Picture this event: You're standing around a tub that looks something like this:
One Mormon acts as a proxy for the deceased. Let's imagine that a little Mormon girl wears a nametag that says 'Anne Frank'. A Mormon priest says some words at this girl, she is bewetted, and then the ceremony ends.
Why is that offensive?
First of all, it's not as if you were required to attend; they didn't do it on your front lawn. Some people you've never met said some words at a little girl you don't know at a location at which you've never been. That hardly seems offensive.

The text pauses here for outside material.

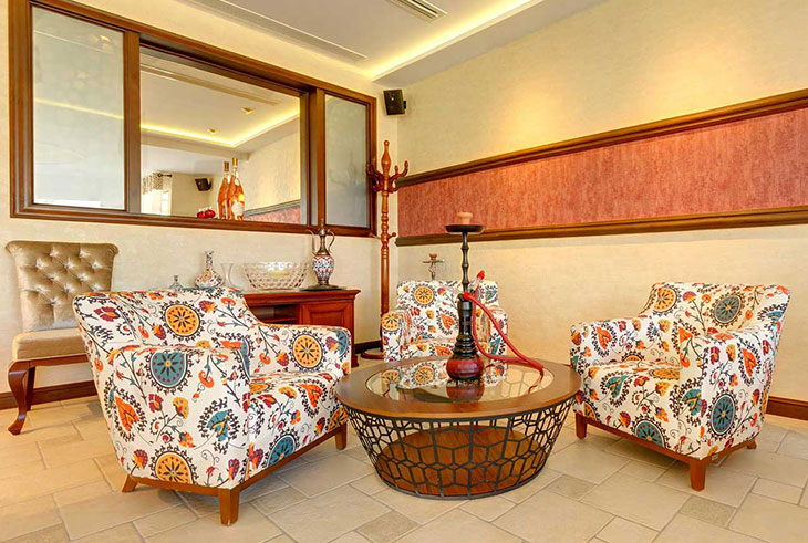 Что же касается оформления помещения, то оно вас однозначно удивит. Ресторан разделен на несколько зон, каждая из которых выполнена в индивидуальном стиле. При этом во всех из них явно чувствуются непринужденная роскошь, элегантность и колоритные восточные мотивы.

Second of all, if you're a jew, then you think Mormons are full of shit. Theologically, you aren't worried that this act is going to suck Anne Frank out of Jewish heaven and place her in Mormon Paradise; the act doesn't do anything to Anne Frank. It is, in every sense, an empty gesture.
So why the fuck does this matter; why get offended about this? I can understand being offended by Nazis, since they did something to Jews. But a bunch of Mormons saying some words at a wet girl wearing an 'Anne Frank' nametag? That seems laughable and goofy rather than offensive.
The fact that Elie Wiesel cares about this, that he's trying to get Romney to denounce it, seems to indicate that Weisel takes this kind of thing seriously. And if he takes Mormon posthumous baptism seriously, then that probably means that he takes Mormonism seriously.
Which would an odd thing for Elie Wiesel to do.